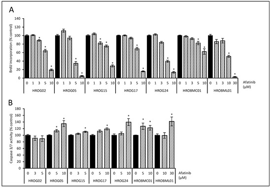 Effects of the EGF receptor inhibitor afatinib on cell proliferation and apoptosis. (A) Glioblastoma cells (HROG02, HROG05, HROG15, HROG17, and HROG24) and brain metastasis cell (HROBMC01 and HROBML01) growing in 96-well half-area microplates were treated with afatinib (striated bars) or solvent (black bars) for 48 h, before DNA synthesis was assessed with the BrdU incorporation assay. One hundred percent BrdU incorporation corresponds to cells cultured with solvent only. Data are presented as mean ± SEM (n ≥ 18 separate cultures); * p < 0.05 versus control cultures (Kruskal–Wallis test with post hoc Dunn’s test). (B) Subconfluent-growing glioblastoma cells were challenged with afatinib (striated bars) or solvent control (black bars) for 6 h followed by caspase 3/7 enzyme activity quantification. Data are presented as mean ± SEM (n ≥ 9 separate cultures for caspase activity assay); * p < 0.05 versus control cultures (Kruskal–Wallis test with post hoc Dunn’s test).
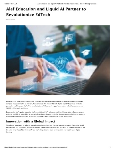 8/22/25, 10:14 AM Alef Education and Liquid AI Partner to Revolutionize EdTech - The Technology Express
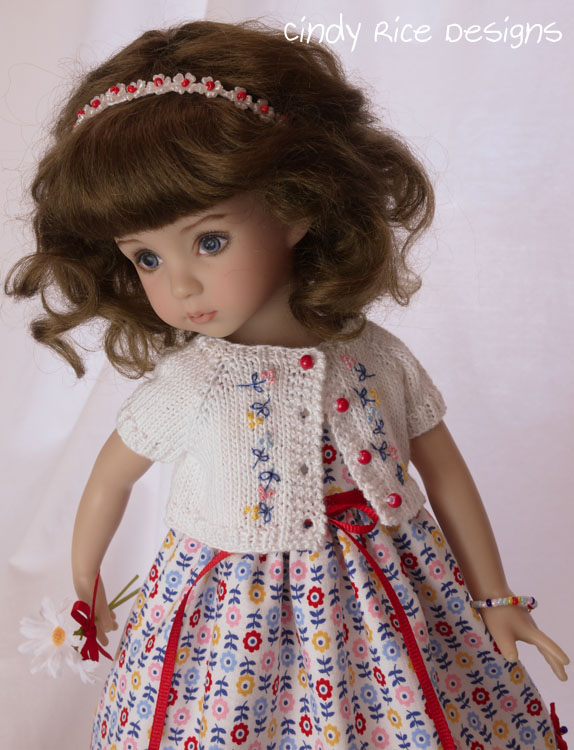 While this isn’t a sailor dress it is a red, white, and blue ensemble that my Little Darling, Gina, is modeling for you. I couldn’t pass this fabric up—red, white, and blue in my favorite theme, floral, no surprise there, right?
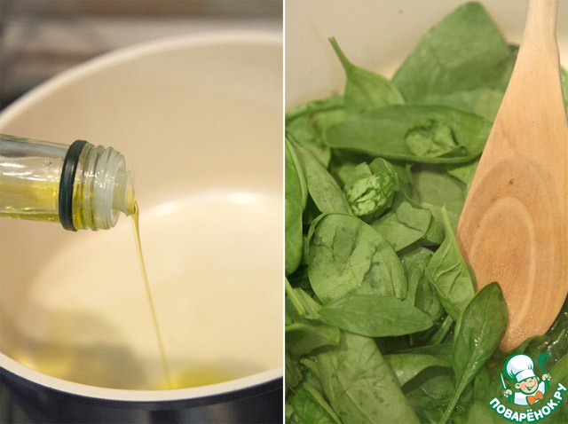 В кастрюле или на сковороде разогреваем пару ложек оливкового масла и выкладываем шпинат.
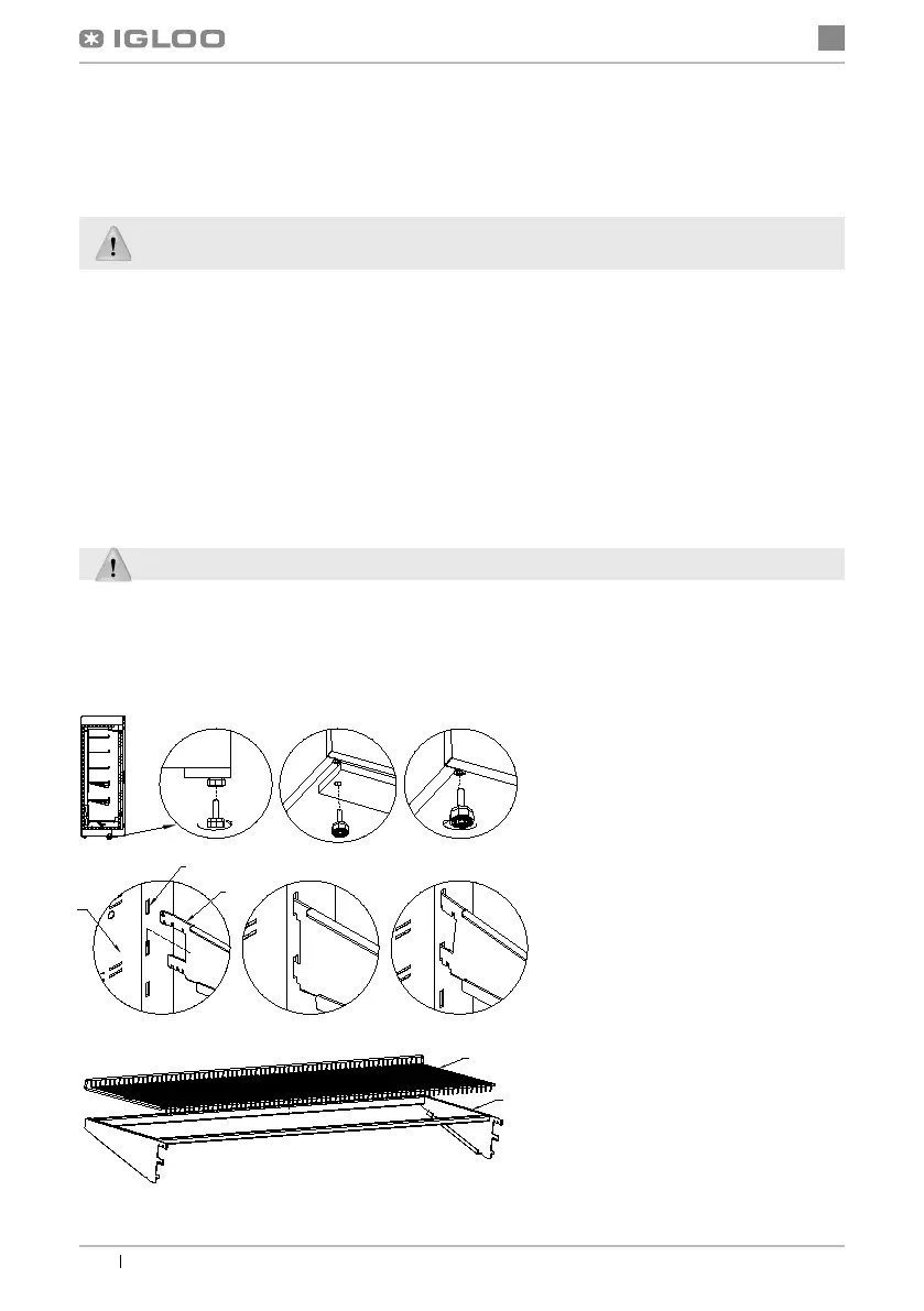• Place the display cabinet on an even basis, which is hard enough, and then level it with feet.
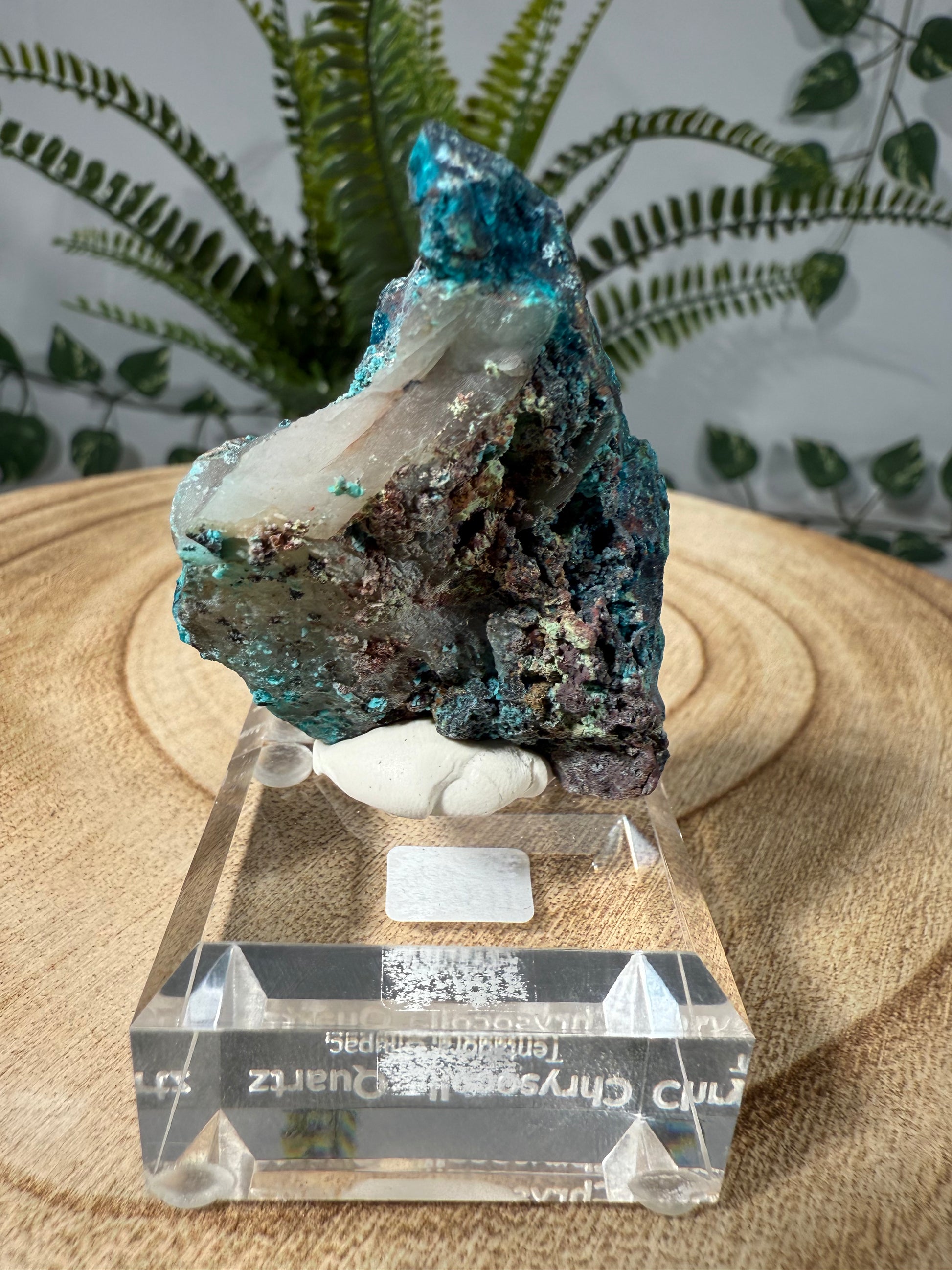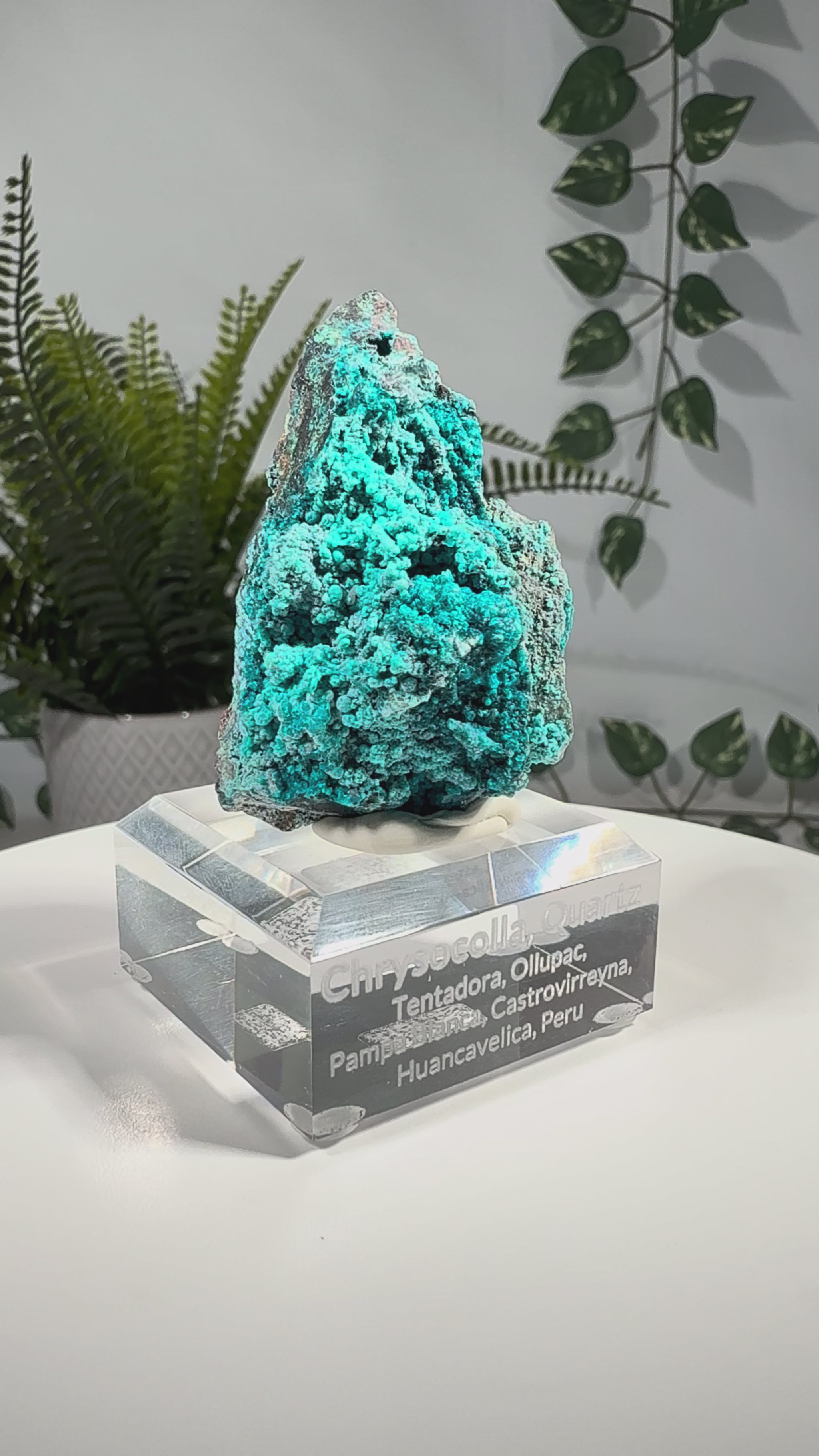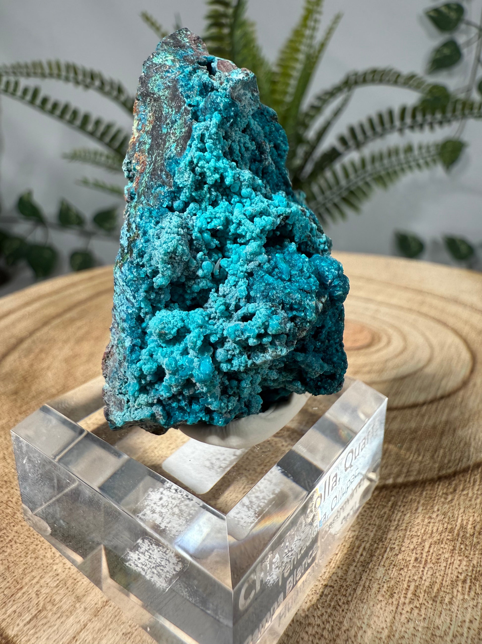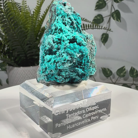 Der Chrysokoll sitzt auf einem Acrylsockel mit Gravur und ist eine sehr schöne Stufe.
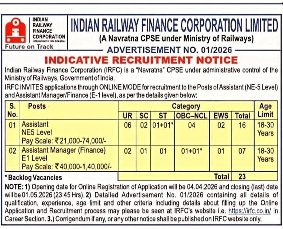 IRFC Recruitment 2026 : The Indian Railway Finance Corporation Limited (IRFC), a prestigious “Navratna” CPSE under the administrative control of the Ministry of Railways, Government of India, has released an indicative recruitment notice for the year 2026. This notification invites eligible candidates to apply through ONLINE MODE for various positions including Assistant (NE-5 Level) and Assistant Manager (Finance) (E-1 Level).
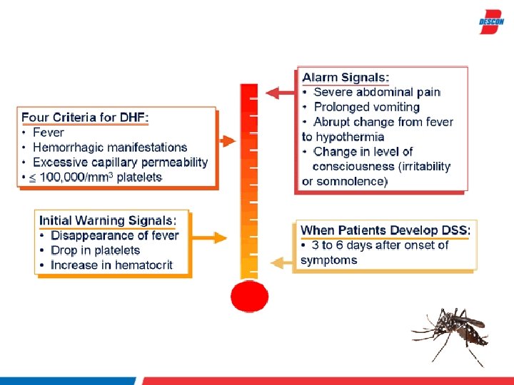 Symptoms of Dengue Fever • Fever • Headache • Muscle and joint pain • Nausea/vomiting • Rash • Hemorrhagic manifestations Patients may also report other symptoms, such as itching and aberrations in the sense of taste, particularly a metallic taste. In addition, there have been reports of severe mouth dryness after the acute phase of the illness.
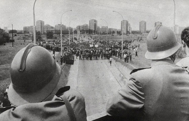 PONIŽENI, pretučeni, uvređeni studenti ponovo pokušavaju da dođu do grada. Ponovo kod podvožnjaka, kordon milicije u obliku ćiriličnog slova P blokirao je prolaz. Šlemovi su se presijavali na suncu. Prugom se kretala kompozicija teretnog voza. Čitav prostor nadletao je helikopter.

Work to complete:
Your copy should be the entries retyped exactly, with no images in it.

Written solution:
 Effects of the EGF receptor inhibitor afatinib on cell proliferation and apoptosis. (A) Glioblastoma cells (HROG02, HROG05, HROG15, HROG17, and HROG24) and brain metastasis cell (HROBMC01 and HROBML01) growing in 96-well half-area microplates were treated with afatinib (striated bars) or solvent (black bars) for 48 h, before DNA synthesis was assessed with the BrdU incorporation assay. One hundred percent BrdU incorporation corresponds to cells cultured with solvent only. Data are presented as mean ± SEM (n ≥ 18 separate cultures); * p < 0.05 versus control cultures (Kruskal–Wallis test with post hoc Dunn’s test). (B) Subconfluent-growing glioblastoma cells were challenged with afatinib (striated bars) or solvent control (black bars) for 6 h followed by caspase 3/7 enzyme activity quantification. Data are presented as mean ± SEM (n ≥ 9 separate cultures for caspase activity assay); * p < 0.05 versus control cultures (Kruskal–Wallis test with post hoc Dunn’s test).
 8/22/25, 10:14 AM Alef Education and Liquid AI Partner to Revolutionize EdTech - The Technology Express
 While this isn’t a sailor dress it is a red, white, and blue ensemble that my Little Darling, Gina, is modeling for you. I couldn’t pass this fabric up—red, white, and blue in my favorite theme, floral, no surprise there, right?
 В кастрюле или на сковороде разогреваем пару ложек оливкового масла и выкладываем шпинат.
• Place the display cabinet on an even basis, which is hard enough, and then level it with feet.
 Der Chrysokoll sitzt auf einem Acrylsockel mit Gravur und ist eine sehr schöne Stufe.
 IRFC Recruitment 2026 : The Indian Railway Finance Corporation Limited (IRFC), a prestigious “Navratna” CPSE under the administrative control of the Ministry of Railways, Government of India, has released an indicative recruitment notice for the year 2026. This notification invites eligible candidates to apply through ONLINE MODE for various positions including Assistant (NE-5 Level) and Assistant Manager (Finance) (E-1 Level).
 Symptoms of Dengue Fever • Fever • Headache • Muscle and joint pain • Nausea/vomiting • Rash • Hemorrhagic manifestations Patients may also report other symptoms, such as itching and aberrations in the sense of taste, particularly a metallic taste. In addition, there have been reports of severe mouth dryness after the acute phase of the illness.
 PONIŽENI, pretučeni, uvređeni studenti ponovo pokušavaju da dođu do grada. Ponovo kod podvožnjaka, kordon milicije u obliku ćiriličnog slova P blokirao je prolaz. Šlemovi su se presijavali na suncu. Prugom se kretala kompozicija teretnog voza. Čitav prostor nadletao je helikopter.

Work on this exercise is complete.